Maybe there were 10 cities in <td> tags in that HTML file. Maybe there were 10,000. No matter how many, they are now in a list (in the variable city_list), and you can search them, print them, write them out to a database or a JSON file — whatever you like. Often you will want to perform the same actions on each item in the list, so you will use a for-loop:

for city in city_list:
    print( city.get_text() )

get_text() is a handy BeautifulSoup method that will extract the text — and only the text — from the item. If instead you wrote just print(city), you'd get the <td> and any other tags inside them as well.

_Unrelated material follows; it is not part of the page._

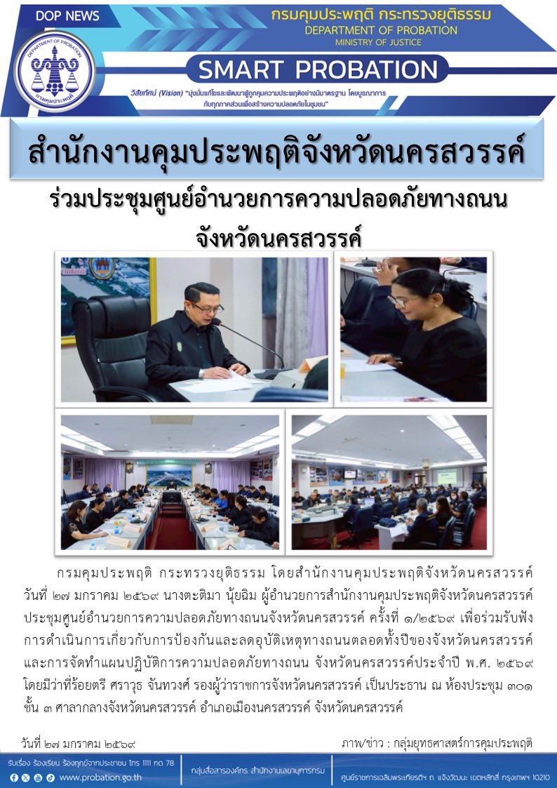 สำนักงานคุมประพฤติจังหวัดนครสวรรค์ ร่วมประชุมศูนย์อำนวยการความปลอดภัยทางถนนจังหวัดนครสวรรค์ ครั้งที่ 1/2569

Finding all vs. finding one

The BeautifulSoup findAll() method you just saw always produces a list. If you know there will be only one item of the kind you want in a file, you should use the find() method instead.

For example, maybe you are scraping the address and phone number from every page in a large website. There is only one phone number on the page, and it is enclosed in a pair of tags with the attribute id="call". One line of your code gets the phone number from the current page:

phone_number = bsObj.find(id="call")

Naturally, you don't need to loop through that result — the variable phone_number will contain only a string, including any HTML tags. To test what the text alone will look like, just print it using get_text() to strip out the tags.

print( phone_number.get_text() )

Notice that you're always using bsObj. Review above if you've forgotten where that came from.

Finding the contents of a particular attribute

One last example: You've made a BeautifulSoup object from a page that has dozens of images on it. You want to capture the path to each image file on that page (perhaps so that you can download all the images). This requires two steps:

image_list = bsObj.findAll('img')
for image in image_list:
    print(image.attrs['src'])

First, you make a Python list containing all the img elements that exist in the object.

Second, you loop through that list and print the contents of the src attribute from each img tag in the list.

We do not need get_text() in this case, because the contents of the src attribute are nothing but text. There are never tags inside the src attribute.

There's a lot more to learn about BeautifulSoup, and we'll be using Mitchell's book for that. You can also read the docs.